Saying  “I’m sorry” is an act of apology.
It’s telling someone you feel badly for hurting them in some way--for saying or doing something offensive –for breaking–pushing–being mean– or not understanding how another feels. Sometimes it’s on purpose–sometimes accidental.

That said…
When appropriate, WE WANT our children to sincerely feel sorry and apologize. We WANT them to take responsibility and ownership for their actions. In the real world this doesn’t always happen.

Whether you’re a parent or working with children –
What do we do when Johnny hits Tommy?  Suzie takes away a toy? Joel tells Kyle he hates him?

Often without thinking an adult will say, “Say you’re sorry!”

What if the child is NOT sorry?  He/she is still too angry, doesn’t want to get into trouble, or is feeling defensive.  Making a child say they’re sorry, when they are not, doesn’t help the injured party feel any better nor does it teach the offending child a positive life lesson.

Do we want our child to grow up to be a person who says, “Well, I SAID I was sorry!” Making children say they are sorry only to satisfy an adult, or to not get into trouble, can create the habit of avoiding taking responsibility for actions.

So then, what can we do?

1.  Investigate. Find out what happened and what happened before that.

2.  If an apology and restitution is indicated–and the child does not sincerely apologize on their own–WE should say we are sorry.


  • Tommy, I am so sorry that Bill tore your picture. I can see it took a long time to make it.
  • The child with the hurt feelings and the torn picture hears words of empathy-he knows that someone understands how he feels.
  • The offending child has the benefit of good role modeling. He has heard words of empathy.

2. Next, have the hurt child tell the other child how he feels.


  • I feel bad that you tore my picture. It took me a long time to draw and color it.

3. If Bill says something such as–

  •  “I’m  sorry I ruined it; it was wrong for me to do that”… you’re on your way to a good conflict resolution!

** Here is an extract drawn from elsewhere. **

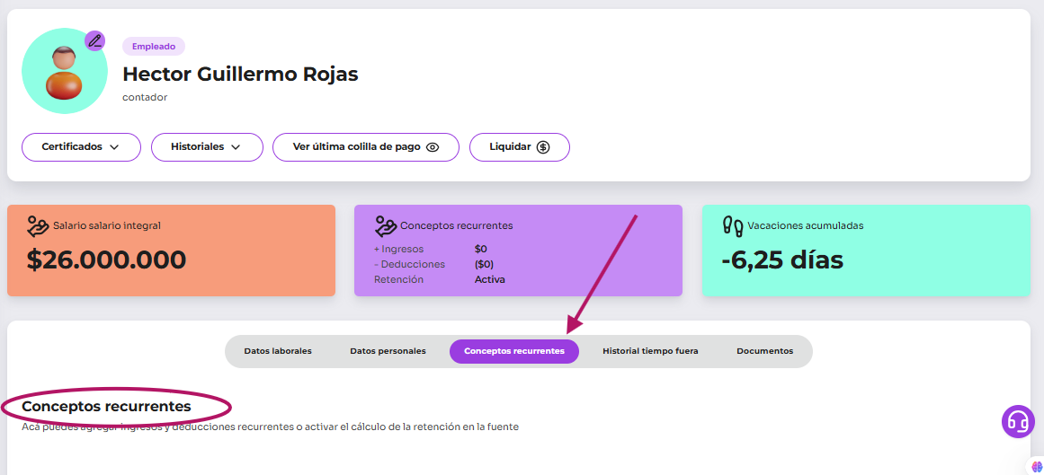 Conceptos recurrentes (ingresos, deducciones y préstamos) de un empleado

4. Next ask Bill what he can do about it? Some ideas he may come up with or say are:

  • I can help tape it.
  • We can do another one together
  • What can I can do to make it better?

The lesson here is for children to learn that some things are right and some are wrong. If wrong, we help children figure out what to do to fix it and/or what to do differently next time.

5. The above are some responses for which we hope. If the aggressor takes ownership, responsibility, and discusses alternative behavior, nothing more is needed.  If you need to talk to the aggressive child–be sure to send the other child away. (Privacy)

6. If you are working in a child care program, and the aggressor does not take responsibility nor discuss it, then the parent should be involved and/or a behavior notice step taken –whichever is indicated.

A little more… October’s Thought of the Month, “Don’t ask Kids Why?”  ties in with this topic. Read both for a more complete thought. You may be surprised on why NOT to ask kids ‘why’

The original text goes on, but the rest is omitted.